The LOC is a regression line whose slope is computed by the ratio between respective variations of the predictor variable and the response variable. The intercept of the line is computed such that the line passes through the familiar arithmetic mean (first L-moment) (\(\lambda_1\)) each for the two variables. Relative variation is readily computed by the ratio of standard deviations or for more robust and less biased estimation by the ratio of the L-variations (second L-moment) (\(\lambda_2\)) of the two variables.
The \(\lambda_2\) is generically based on the so-called Gini mean difference statistic (GMD) (\(\mathcal{G}\)) by \(\lambda_2 = \mathcal{G}/2\) (gini.mean.diff).

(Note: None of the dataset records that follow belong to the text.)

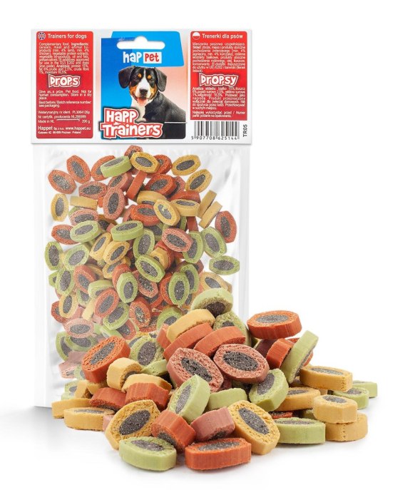HAPP TRAINERS Dropsy, 200g z zawieszką Trenerki dla psów Idealnie nadają się do treningu i szkolenia. Trenerki firmy Happet występują w przeróżnych kształtach i kolorach. Mają niewielkie rozmiary, dzięki czemu idealnie mieszczą się w kieszeni, czy specjalnej saszetce na przysmaki. Jest to niezbędny produkt znajdujący swoje zastosowanie podczas treningów i spacerów - za każde poprawnie wykonane polecenie i posłuszeństwo, możesz nagrodzić swojego pupila zdrową i smaczną porcją przyjemności. Smakołyki na bazie zbóż i mięsa są lekkostrawne i mają przyjemny aromat, bez problemu można podawać je pupilom każdej rasy, a nawet psom z nadwagą. Podstawowe cechy produktu: małe, chrupiące ciastka zbożowe o mięsnym smaku, ciastka mają ok. 2,5 cm długości, nadają się zarówno dla psów dorosłych, jak i szczeniąt, ciasteczka mają formę dropsów, doskonale smakują, ponieważ zawierają zarówno produkty zbożowe oraz mięso, idealne podczas szkolenia lub spaceru, lekkostrawny skład - bezpieczny dla żołądka, w naturalny sposób dbają o czyste zęby naszych pupili, ścierają naloty bakteryjne osadzające się na zwierzęcych zębach, co pomaga zachować świeży oddech Skład: zboże, mięso i produkty uboczne pochodzenia zwierzęcego (min. 4% jagnięciny, min. 4% kurczaka), roślinne ekstrakty białkowe, produkty uboczne pochodzenia roślinnego, olej, tłuszcze, konserwanty E202 (E- dodatki dopuszczone do użytku w UE) i barwniki (tlenek żelaza) Analiza składu:białko 15%, tłuszcz 6%, popiół surowy 2,5%, włókno surowe 1%, wilgotność 16,5%. Uwaga! Przysmak nie nadaje się do spożycia przez ludzi! Produkt posiada długi termin przydatności do spożycia. Na każdym opakowaniu znajduje się weterynaryjny numer identyfikacyjny - potwierdzający dopuszczenie produktów do sprzedaży (PL3064126p)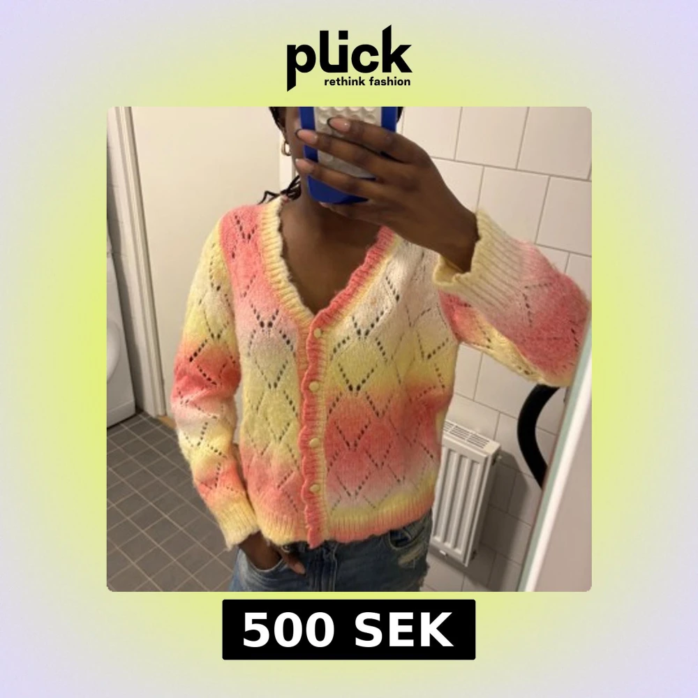 Superfin stickad kofta i pastellfärger med rosa, gul och vit ton. Koftan har ett öppet hålmönster, v-ringning och knappar framtill. Mjuk och fluffig! Super unik🌸🌸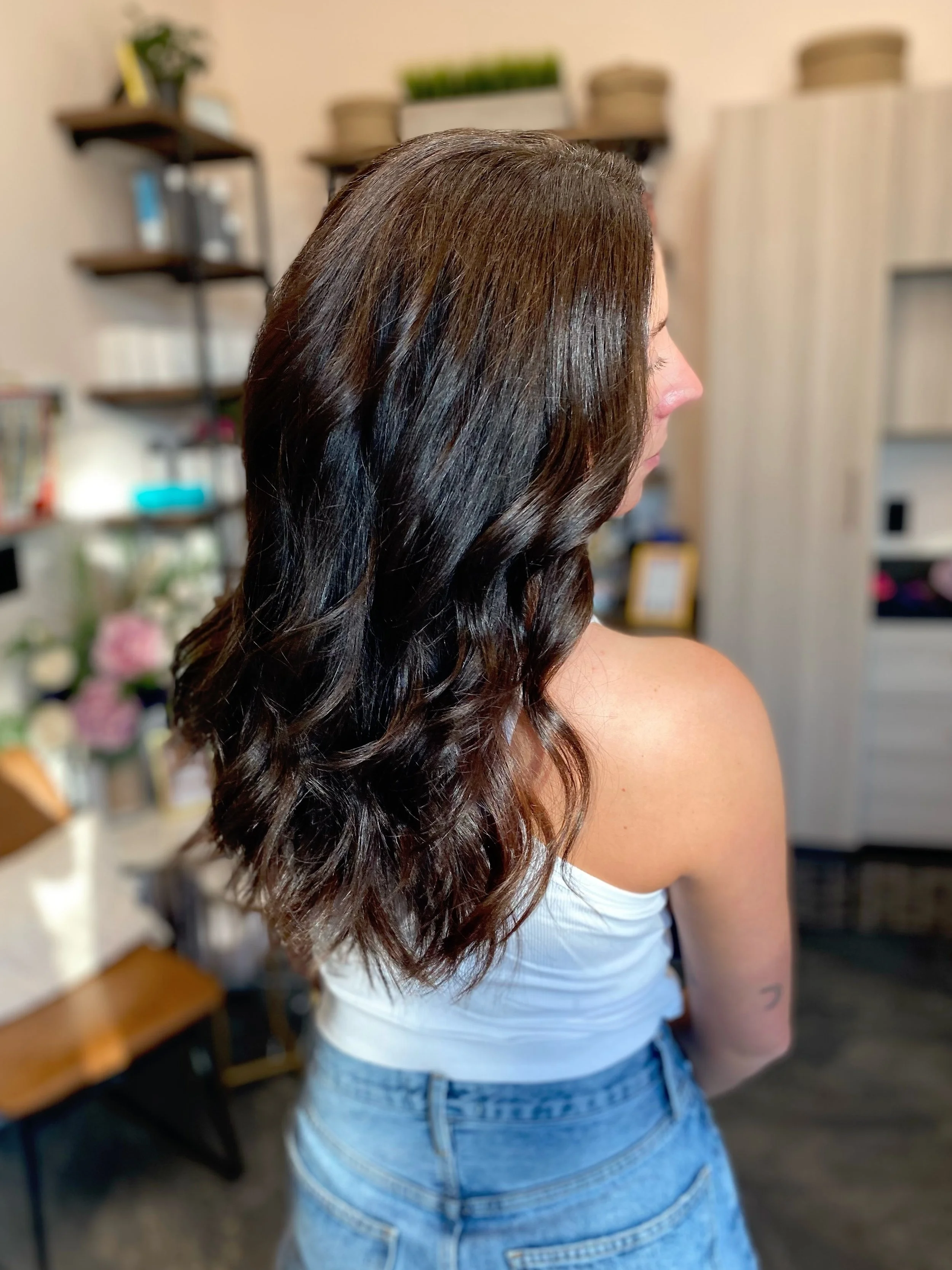 $785 Initial Application & Hair Cost | Glossing Treatment & 1 row of 18-20” Hand Tied Extensions
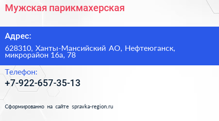Мужская парикмахерская по адресу 628310, Ханты-Мансийский АО, Нефтеюганск, микрорайон 16а, 78 в дальнейшем Организация, размещена в следующих категориях: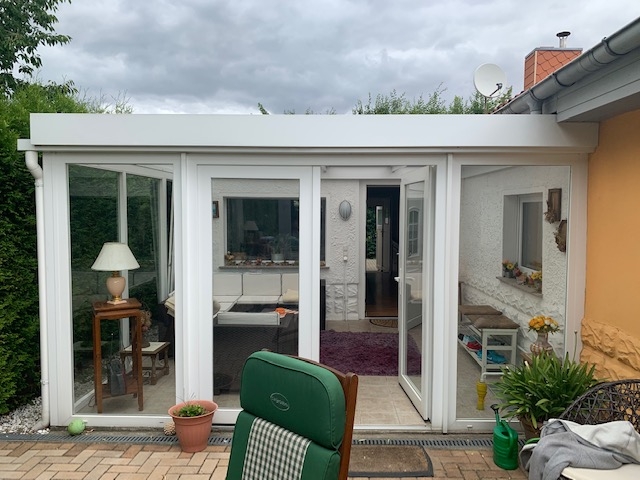 Errichtung des Wintergartens, Neueindeckung des Daches, Erneuerung der Innentüren, Pflasterung der Gehwege
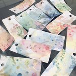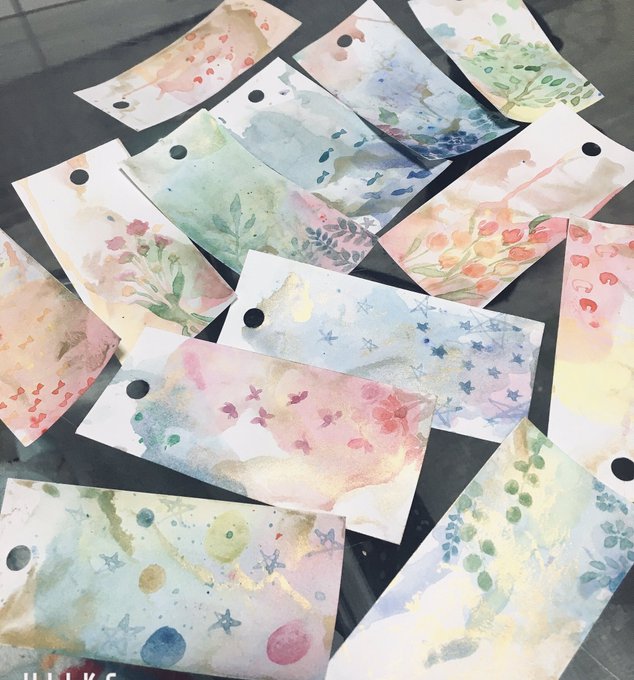 アクリルタグ制作🏷 アクリル絵の具と水彩絵の具でアルコールインクアート風を醸し出す😆 #サンキュータグ手作り #手描きイラスト #アクリル #水彩 #水彩タグ #アルコールインクアート風 #アネコの雑貨屋さんの日 #納品予定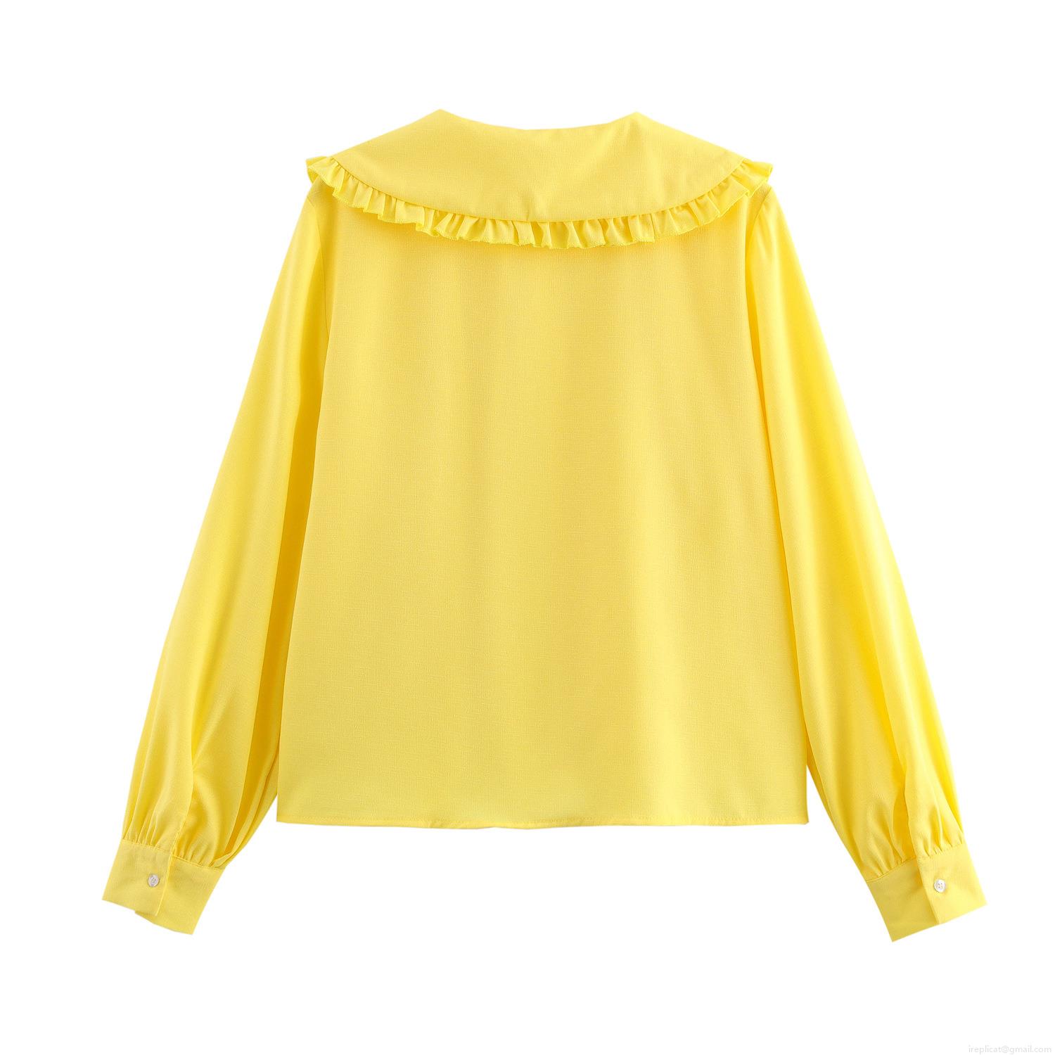 Women's Sweet Peter Pan Collar Ruffle Blouse Solid Color Long Sleeve Button Down Loose Polyester Shirt Spring Autumn Fashion Tops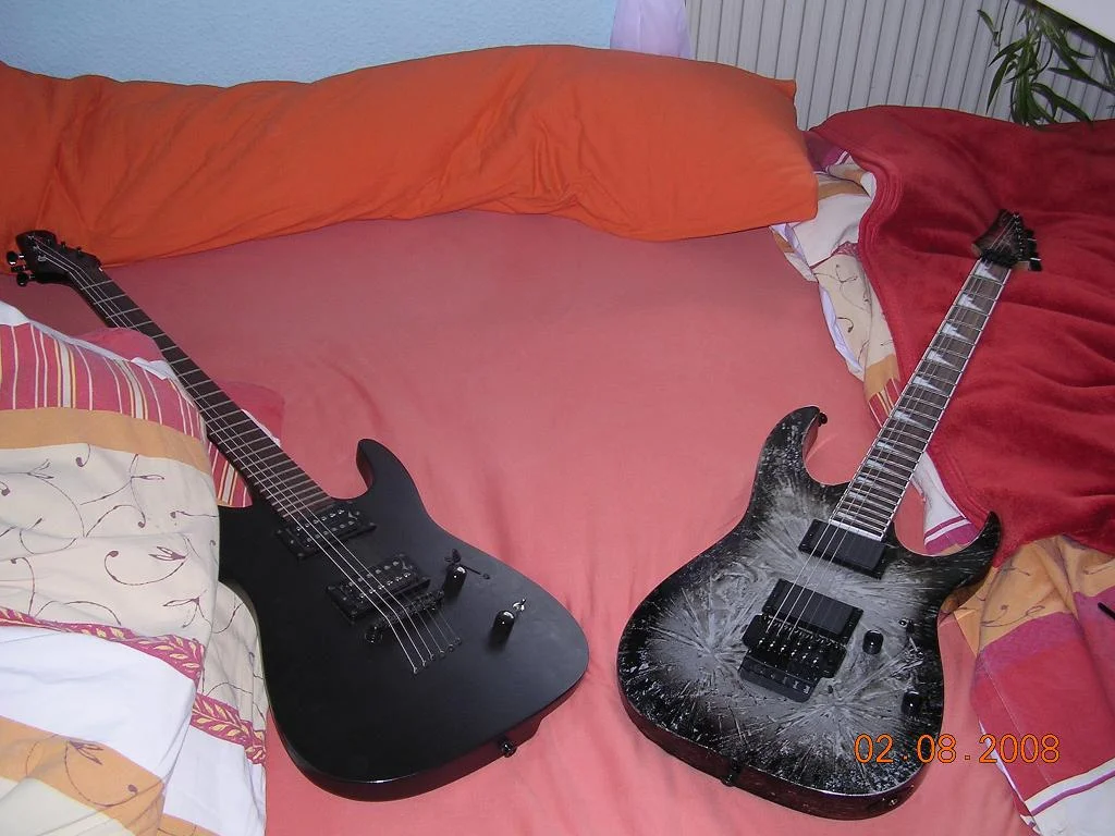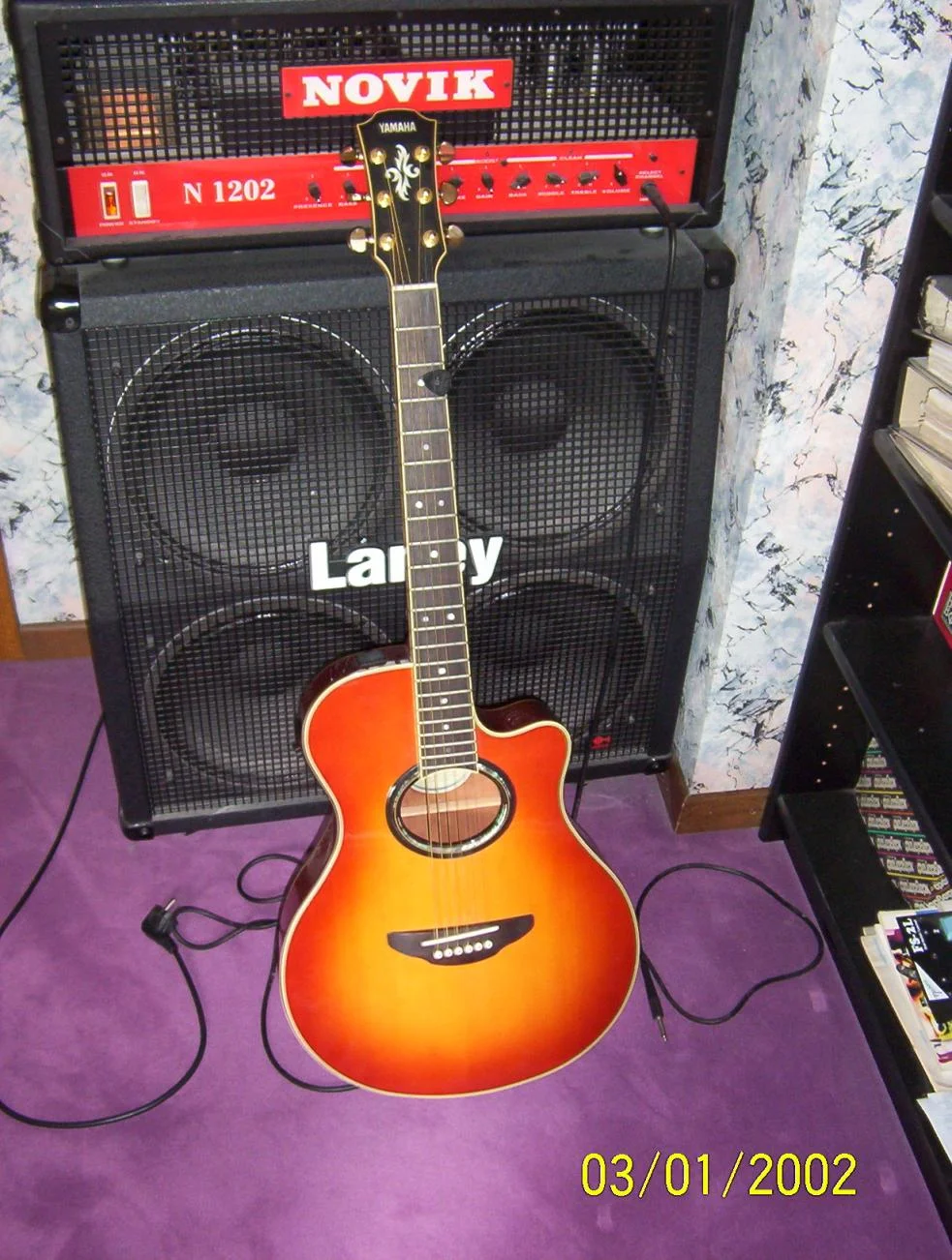 Auf dem ersten Bild, meine Hauptgitarre, eine Epiphone LP aus Anfang der 90er Jahre, das zweite Bild zeigt meine Yamaha Semi-Akustik vor meinem Novik/Laney-Halfstack. 🙂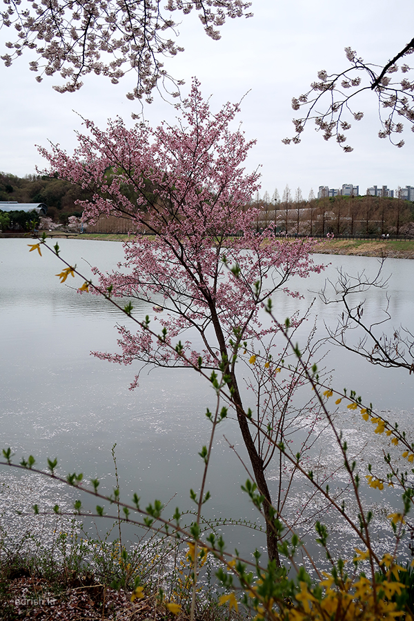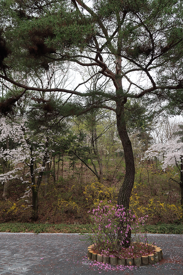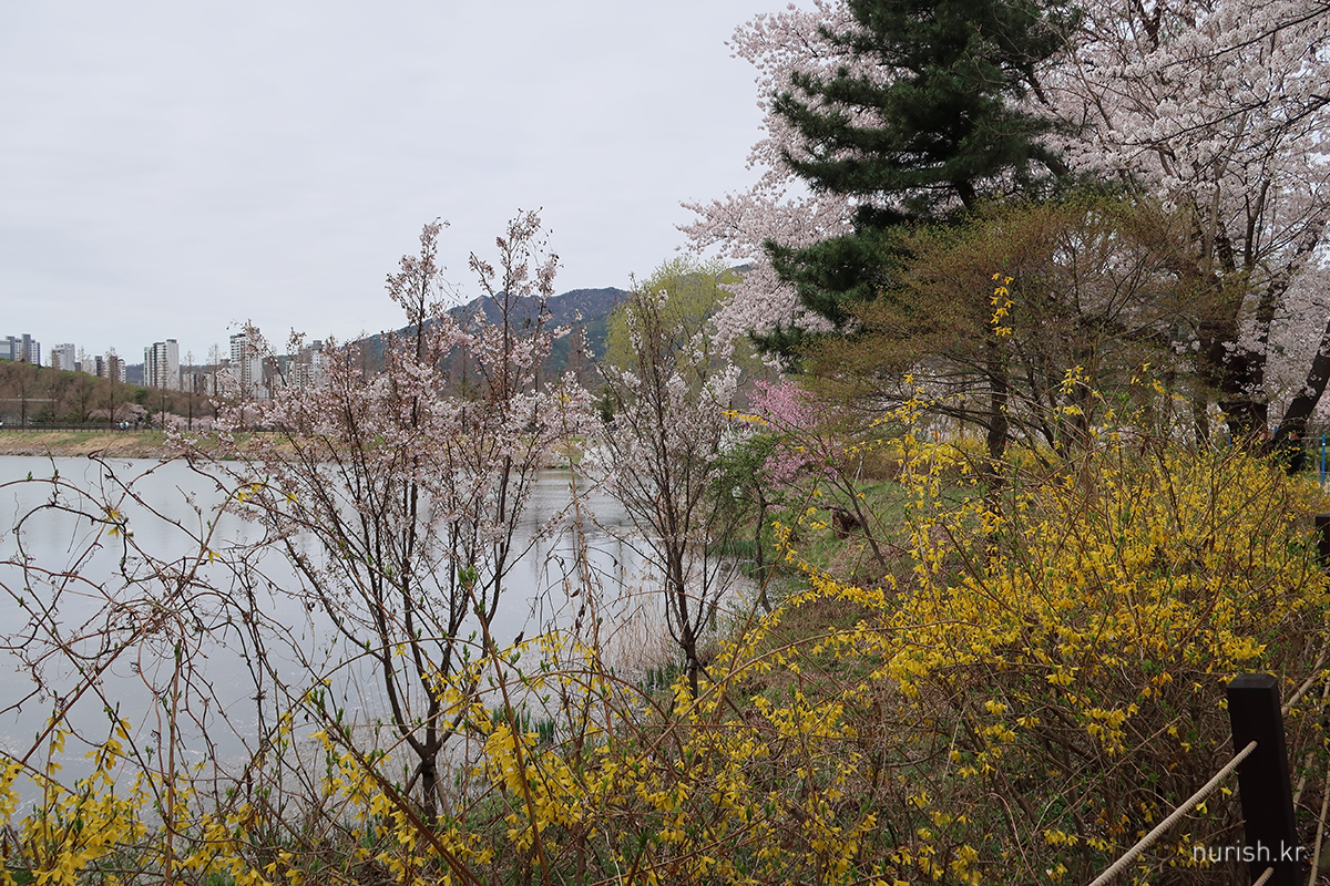 아침에 비가 그치는 것 같아서 저수지 둘레길 한 바퀴 걸으러 드라이브했다. 서울대공원에 오면 과천저수지 둘레길을 따라 쭉 산책할 수 있다. 어제 하루종일 비가 내린 탓인지 꽃잎이 잔뜩 떨어졌다. 찰나라 아쉬운 봄.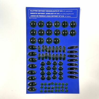Odyssey Smooth Turquoise 88 Jewel Set for 28″ Odyssey Swirling Dragonfly Lamp shade, made in Germany. Includes 24) 12mm round, 16) 20mm round, 16) 30mm round, 8) 38mm x 21mm oval, 16) 30mmx 13mm oval, and 8) 48mm x 13mm Oval Jewels . Odyssey jewels are hand cast one at a time, just like the original Tiffany jewels were. Internal bubbles and surface irregularities are recreated to give you the hand-made look of the originals. Because of the value of these jewels, your signature will be required when delivered.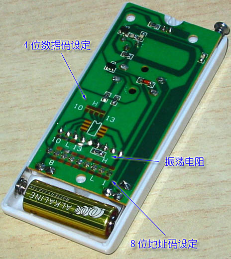 发射手柄上设置有四个按键,当按动时发射机上的按键,发射电路会被激活而进入发射状态,发射机静态时不耗电。机内装配的电池只被用于点发射状态。当用于报警设定和电器开关时,每节电池一般可用到一年以上,电池的容量为45mAH。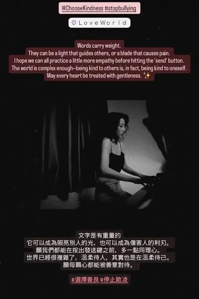 她感性地写道:「文字是有重量的,它可以成为照亮别人的光,也可以成为伤害人的利刃。愿我们都能在按出发送键之前,多一点同理心。世界已经很复杂了,温柔待人,其实也是在温柔待己。愿每颗心都能被善意对待。 」并加上「#选择善良」、「#停止欺凌」等标签,似在暗示自己才是受害者。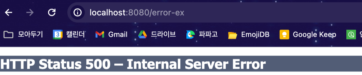 실행해 보면, 톰캣이 기본으로 제공하는 오류 화면을 볼 수 있다.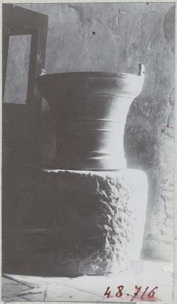 Placé sur un bloc de pierre.

Incidentally for the normal distribution, the well-known standard deviation is the product \(\lambda_2\sqrt{\pi}\) (see also lmomnor). Mathematically, GMD is defined as the linear combination
$$\mathcal{G} = \frac{2}{n(n-1)}\sum_{i=1}^n (2i - n - 1) x_{i:n}\mbox{,}$$
where \(x_{i:n}\) are the sample ascending order statistics.
Returning to the need to estimate the LOC slope, algebra shows the slope is the ratio of the \(\mathcal{G}\) values as
$$m = \mathrm{sign[} \rho \mathrm{]}\cdot\frac{\sum_{i=1}^n (2i - n - 1) X_{i:n}}{\sum_{i=1}^n (2i - n - 1) Y_{i:n}}\mbox{,}$$
where \(X_{i:n}\) is an ordered (ascending) vector of random variable \(X\), \(Y_{i:n}\) is an ordered (ascending) vector of random variable \(Y\), and the slope sign can be computed by a correlation coefficient sign (Pearson R, Kendall Tau [computationally slowest], Spearman Rho would all work [implemented for the function, \(\rho\)]). For applications, it is critical that the correlation coefficient is computed using the original correlated-ordering of \(X\) and \(Y\) and not after individual vector sorting that is needed for the GMD (L-moments). A developer, therefore, must be cognizant of the placement in code when the two variables are sorted to the order statistics for \(\mathcal{G}\) computations.
The LOC intercept is given by algebra by
$$b = \frac{1}{n}\biggl(\sum_{i=1}^n X_{i:n} - m \cdot \sum_{i=1}^n Y_{i:n}\biggr)\mbox{.}$$
Helsel and others (2020, p. 281) enumerate some advantages to the use of the LOC: (1) it minimizes errors in both x and y directions, (2) it provides a single line regardless of which variable (x or y) is used as the response variable, and (3) its cumulative distribution function of the predictions, including the variance and probabilities, is correct (meaning not compressed as in OLS). The LOC is particularly useful for modeling the intrinsic functional relation between two variables, both of which are measured with error and (or) when neither variable is considered an independent variable appropriate to predict the other.